[Dataset entries]
:::::

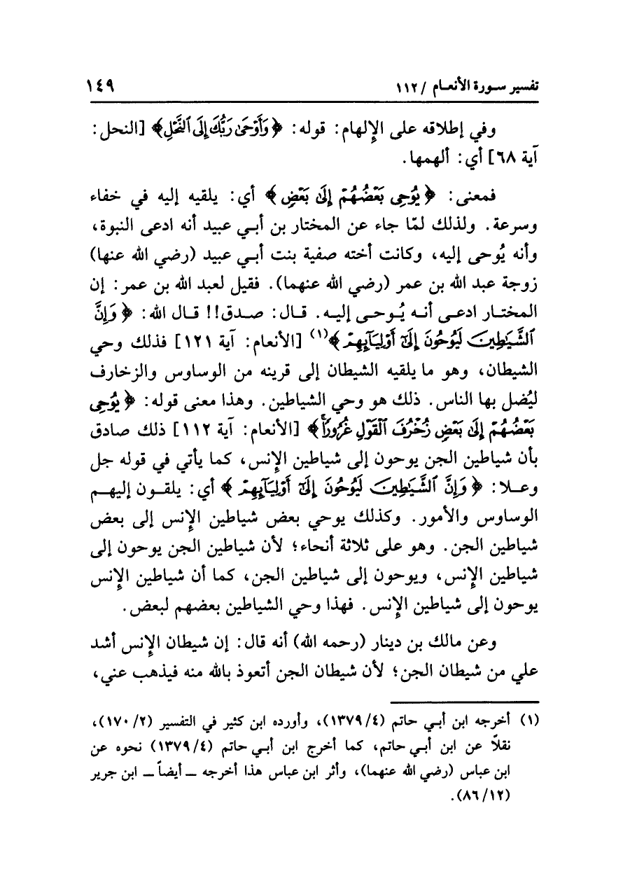 فمعنَى: {يُوحِي بَعْضُهُمْ إِلَى بَعْضٍ} أي: يُلْقِيهِ إليه في خفاءٍ وسرعةٍ. ولذلك لَمَّا جاء عن المختارِ بنِ أبي عبيدٍ أنه ادَّعَى النبوةَ، وأنه يُوحَى إليه، وكانت أختُه صفيةُ بنتُ أَبِي عبيدٍ (رضي الله عنها) زوجةَ عبدِ اللَّهِ بنِ عمرَ (رضي الله عنهما). فقيلَ لعبدِ اللَّهِ بنِ عمرَ: إن المختارَ ادَّعَى أنه يُوحَى إليه. قال: صَدَقَ!! قال اللَّهُ: {وَإِنَّ الشَّيَاطِينَ لَيُوحُونَ إِلَى أَولِيَائِهِمْ} (¬١) [الأنعام: آية ١٢١] فذلك وحيُ الشيطانِ، وهو ما يُلْقِيهِ الشيطانُ إلى قَرِينِهِ من الوساوسِ والزخارفِ لِيُضِلَّ بها الناسَ. ذلك هو وحيُ الشياطينِ. وهذا معنَى قولِه: {يُوحِي بَعْضُهُمْ إِلَى بَعْضٍ زُخْرُفَ الْقَوْلِ غُرُورًا} [الأنعام: آية ١١٢] ذلك صادقٌ بأن شياطينَ الجنِّ يُوحُونَ إلى شياطينِ الإنسِ، كما يأتي في قولِه جل وعلا: {وَإِنَّ الشَّيَاطِينَ لَيُوحُونَ إِلَى أَولِيَائِهِمْ} أي: يُلْقُونَ إليهم الوساوسَ والأمورَ. وكذلك يُوحِي بعضُ شياطينِ الإنسِ إلى بعضِ شياطينِ الجنِّ. وهو على ثلاثةِ أنحاءَ؛ لأن شياطينَ الجنِّ يوحونَ إلى شياطينِ الإنسِ، ويوحونَ إلى شياطينِ الجنِّ، كما أن شياطينَ الإنسِ يوحونَ إلى شياطينِ الإنسِ. فهذا وحيُ الشياطينِ بعضِهم لبعضٍ.
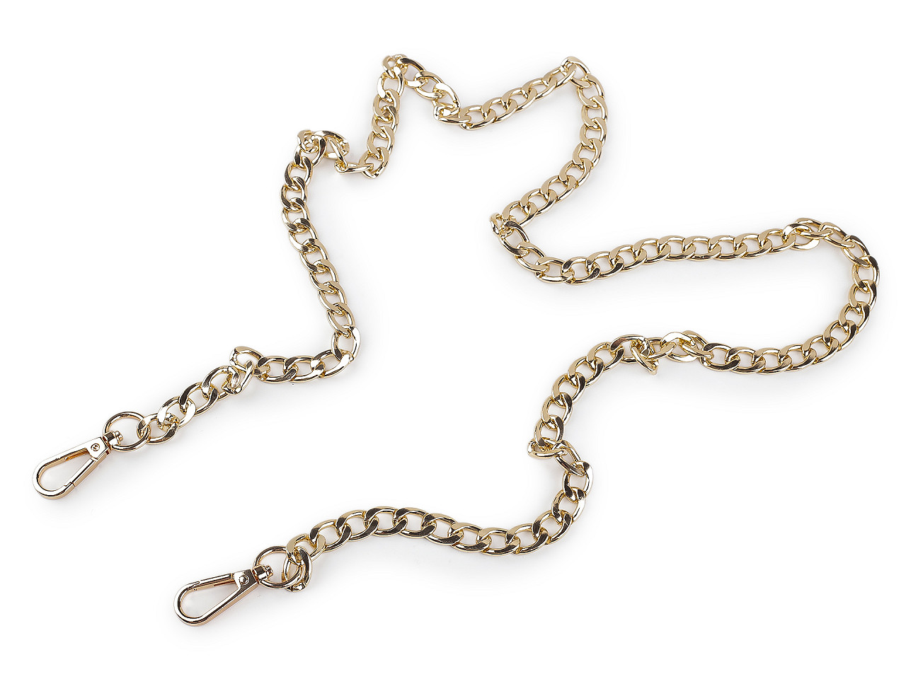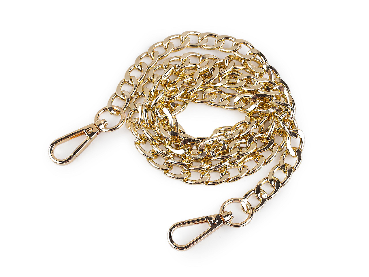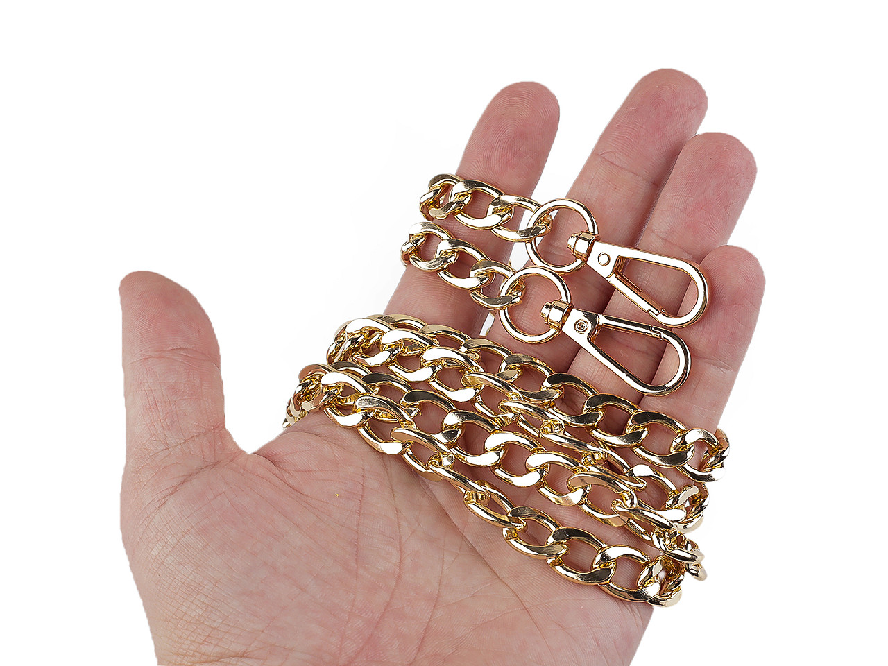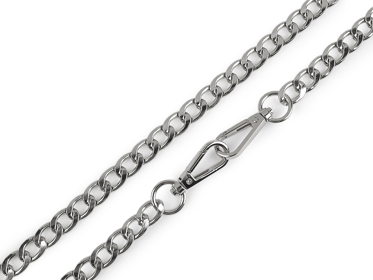 Kovová retiazka s veľkými očkami sa skvele hodí k listovým kabelkám, menším kabelkám alebo púzdram na mobilné telefóny. Na oboch jej koncoch nájdete pripevnené karabínky.
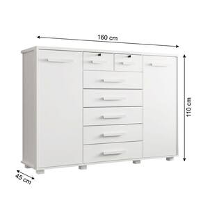 CARACTERÍSTICAS TÉCNICAS Tipo: Cômoda com sapateira Material: MDP/MDF Cor: Branco Quantidade de gavetas: 7 (sendo 2 com chave) Peso suportado: 12 kg por gavetas.
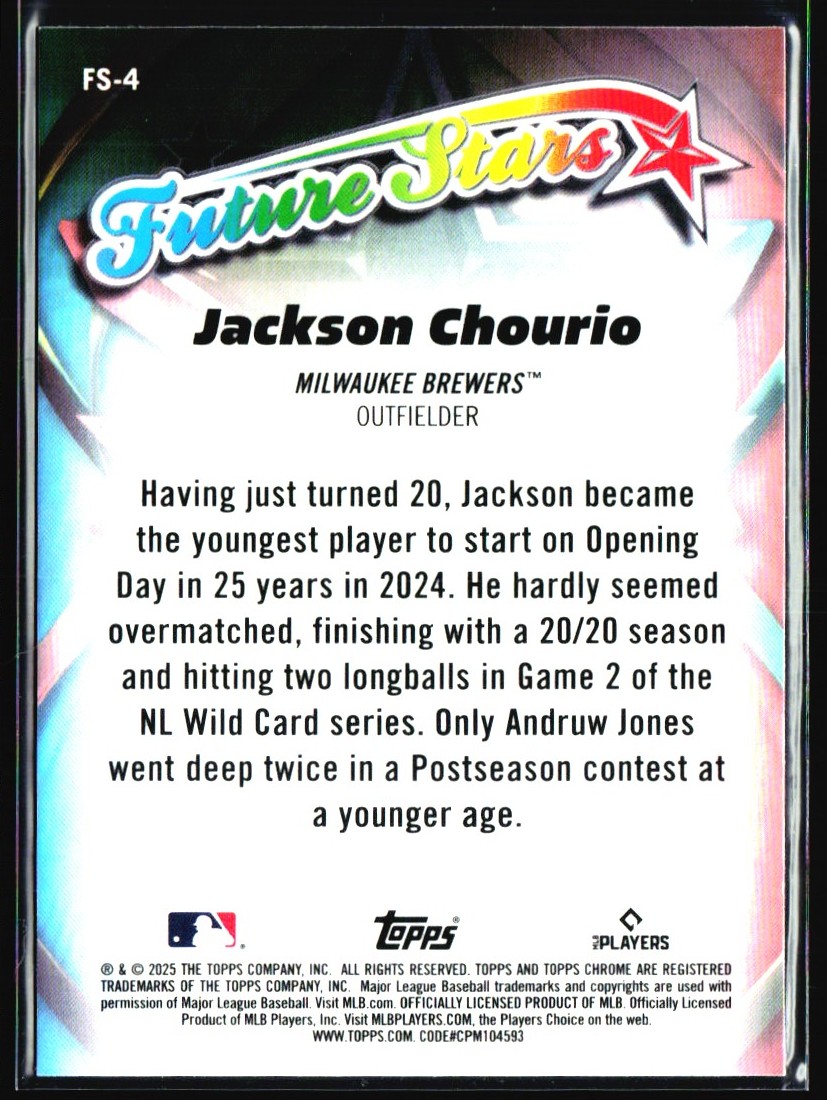 2025 Topps Chrome Future Stars Jackson Chourio Milwaukee Brewers #FS-4
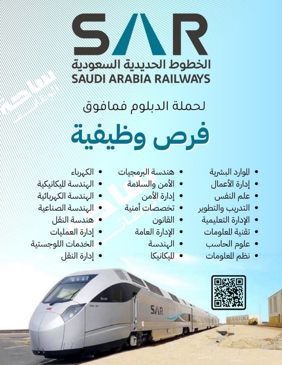 وأكدت الشركة أن التقديم متاح عبر القنوات الرسمية، حيث يمكن للمهتمين الاطلاع على التفاصيل والشروط من خلال رمز الاستجابة السريعة (QR) الظاهر في الإعلان، داعية الكفاءات الوطنية إلى الاستفادة من هذه الفرص والانضمام إلى قطاع النقل السككي الذي يشهد نمواً متسارعاً في المملكة.
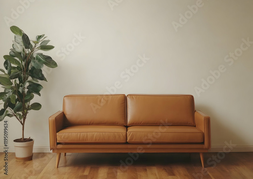 Modern living room interior with wooden floor, light brown leather sofa, and a decorative plant on a white wall background.
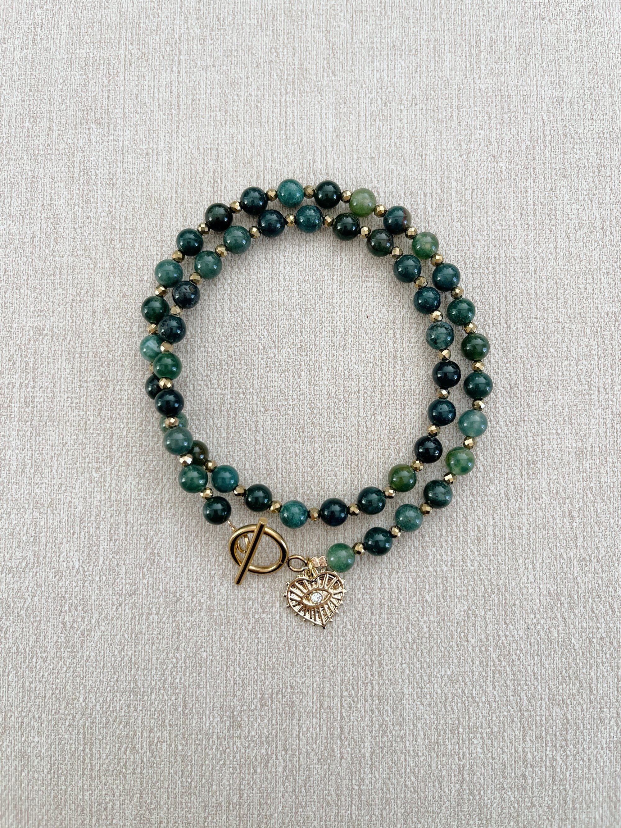 Ici la version Agate mousse, pierre naturelle dans un variation de ton vert à vert foncé
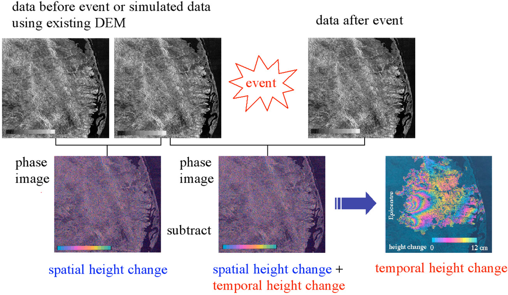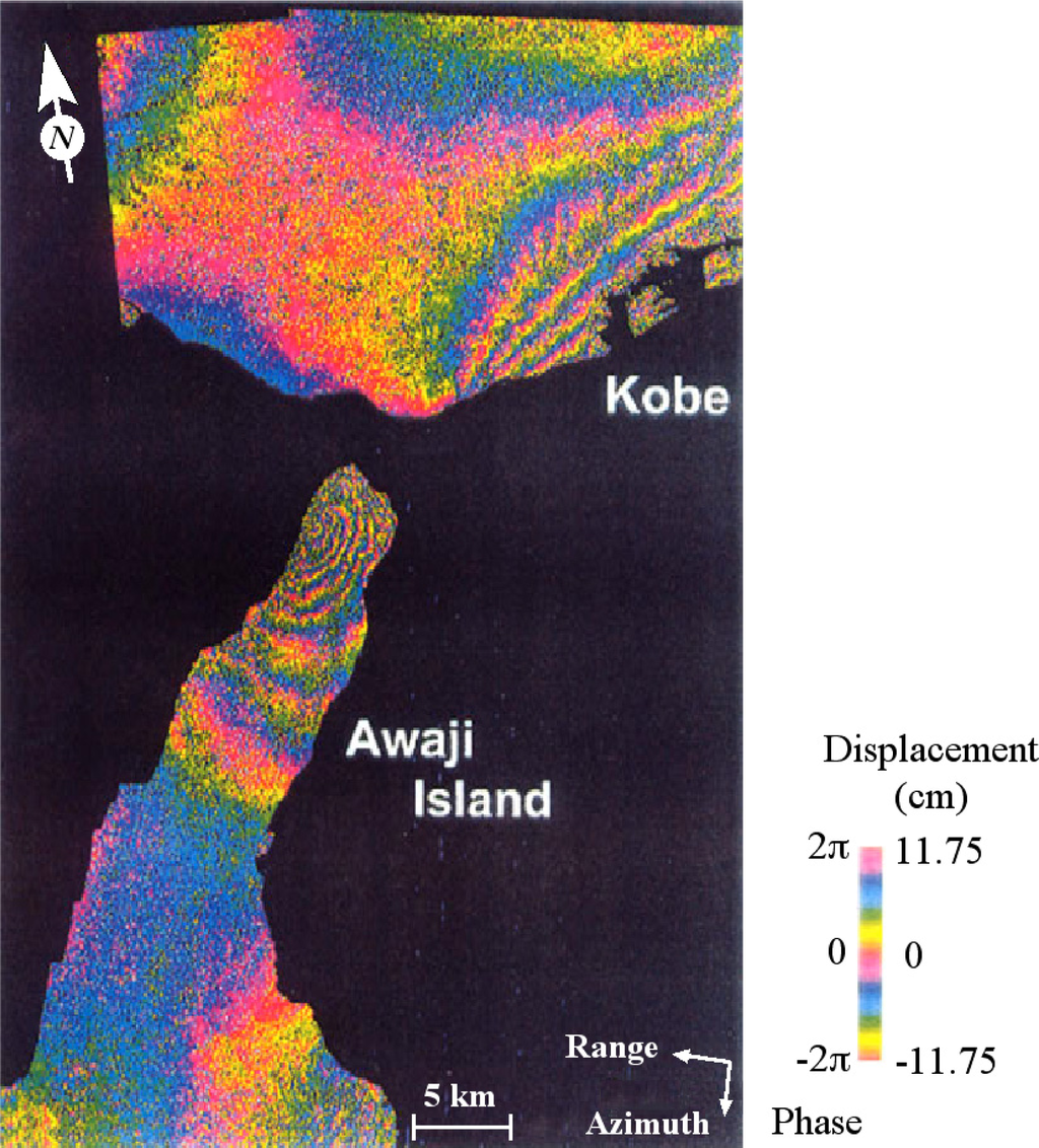 It was in 1974 when the concept of SAR interferometry for Earth observation was first proposed [47]. SAR interferometry is now a well known established technique. Cross-track InSAR (CT-InSAR), or generally referred to as InSAR, can produce a digital elevation model (DEM) for spatial changes of surface height; the crust movement and deformation caused by, for example, earthquakes and volcanic activities, and glacier flows can be measured by differential InSAR (DInSAR). For repeat-pass InSAR, where multiple data are acquired with a single SAR antenna using multiple baselines at different acquisition times, short revisit times are important to avoid temporal decorrelation, and the fine control of baselines is also essential. The temporal decorrelation caused by the changes in shape of scattering surfaces is large for high-frequency SAR such as TerraSAR-X and RADARSAT-1/2 in comparison with L-band SARs. For example, high temporal coherence was achieved by L-band JERS-1 SAR between the interval of 2 years 5 months for the surface height change caused by the 1995 Great Hanshin earthquake, Japan (see Figure 7). In order to achieve high temporal correlation and short baseline separation at X-band, a bistatic system is employed using TerraSAR-X and TanDEM-X [22,171]. For bistatic InSAR, fine positioning of two satellites and baseline control are required.

:::::

__What is required__. Pictures aren't part of the copy; return each record above exactly.

__Output__.
 فمعنَى: {يُوحِي بَعْضُهُمْ إِلَى بَعْضٍ} أي: يُلْقِيهِ إليه في خفاءٍ وسرعةٍ. ولذلك لَمَّا جاء عن المختارِ بنِ أبي عبيدٍ أنه ادَّعَى النبوةَ، وأنه يُوحَى إليه، وكانت أختُه صفيةُ بنتُ أَبِي عبيدٍ (رضي الله عنها) زوجةَ عبدِ اللَّهِ بنِ عمرَ (رضي الله عنهما). فقيلَ لعبدِ اللَّهِ بنِ عمرَ: إن المختارَ ادَّعَى أنه يُوحَى إليه. قال: صَدَقَ!! قال اللَّهُ: {وَإِنَّ الشَّيَاطِينَ لَيُوحُونَ إِلَى أَولِيَائِهِمْ} (¬١) [الأنعام: آية ١٢١] فذلك وحيُ الشيطانِ، وهو ما يُلْقِيهِ الشيطانُ إلى قَرِينِهِ من الوساوسِ والزخارفِ لِيُضِلَّ بها الناسَ. ذلك هو وحيُ الشياطينِ. وهذا معنَى قولِه: {يُوحِي بَعْضُهُمْ إِلَى بَعْضٍ زُخْرُفَ الْقَوْلِ غُرُورًا} [الأنعام: آية ١١٢] ذلك صادقٌ بأن شياطينَ الجنِّ يُوحُونَ إلى شياطينِ الإنسِ، كما يأتي في قولِه جل وعلا: {وَإِنَّ الشَّيَاطِينَ لَيُوحُونَ إِلَى أَولِيَائِهِمْ} أي: يُلْقُونَ إليهم الوساوسَ والأمورَ. وكذلك يُوحِي بعضُ شياطينِ الإنسِ إلى بعضِ شياطينِ الجنِّ. وهو على ثلاثةِ أنحاءَ؛ لأن شياطينَ الجنِّ يوحونَ إلى شياطينِ الإنسِ، ويوحونَ إلى شياطينِ الجنِّ، كما أن شياطينَ الإنسِ يوحونَ إلى شياطينِ الإنسِ. فهذا وحيُ الشياطينِ بعضِهم لبعضٍ.
 Kovová retiazka s veľkými očkami sa skvele hodí k listovým kabelkám, menším kabelkám alebo púzdram na mobilné telefóny. Na oboch jej koncoch nájdete pripevnené karabínky.
 CARACTERÍSTICAS TÉCNICAS Tipo: Cômoda com sapateira Material: MDP/MDF Cor: Branco Quantidade de gavetas: 7 (sendo 2 com chave) Peso suportado: 12 kg por gavetas.
 2025 Topps Chrome Future Stars Jackson Chourio Milwaukee Brewers #FS-4
 وأكدت الشركة أن التقديم متاح عبر القنوات الرسمية، حيث يمكن للمهتمين الاطلاع على التفاصيل والشروط من خلال رمز الاستجابة السريعة (QR) الظاهر في الإعلان، داعية الكفاءات الوطنية إلى الاستفادة من هذه الفرص والانضمام إلى قطاع النقل السككي الذي يشهد نمواً متسارعاً في المملكة.
 Modern living room interior with wooden floor, light brown leather sofa, and a decorative plant on a white wall background.
 Ici la version Agate mousse, pierre naturelle dans un variation de ton vert à vert foncé
 It was in 1974 when the concept of SAR interferometry for Earth observation was first proposed [47]. SAR interferometry is now a well known established technique. Cross-track InSAR (CT-InSAR), or generally referred to as InSAR, can produce a digital elevation model (DEM) for spatial changes of surface height; the crust movement and deformation caused by, for example, earthquakes and volcanic activities, and glacier flows can be measured by differential InSAR (DInSAR). For repeat-pass InSAR, where multiple data are acquired with a single SAR antenna using multiple baselines at different acquisition times, short revisit times are important to avoid temporal decorrelation, and the fine control of baselines is also essential. The temporal decorrelation caused by the changes in shape of scattering surfaces is large for high-frequency SAR such as TerraSAR-X and RADARSAT-1/2 in comparison with L-band SARs. For example, high temporal coherence was achieved by L-band JERS-1 SAR between the interval of 2 years 5 months for the surface height change caused by the 1995 Great Hanshin earthquake, Japan (see Figure 7). In order to achieve high temporal correlation and short baseline separation at X-band, a bistatic system is employed using TerraSAR-X and TanDEM-X [22,171]. For bistatic InSAR, fine positioning of two satellites and baseline control are required.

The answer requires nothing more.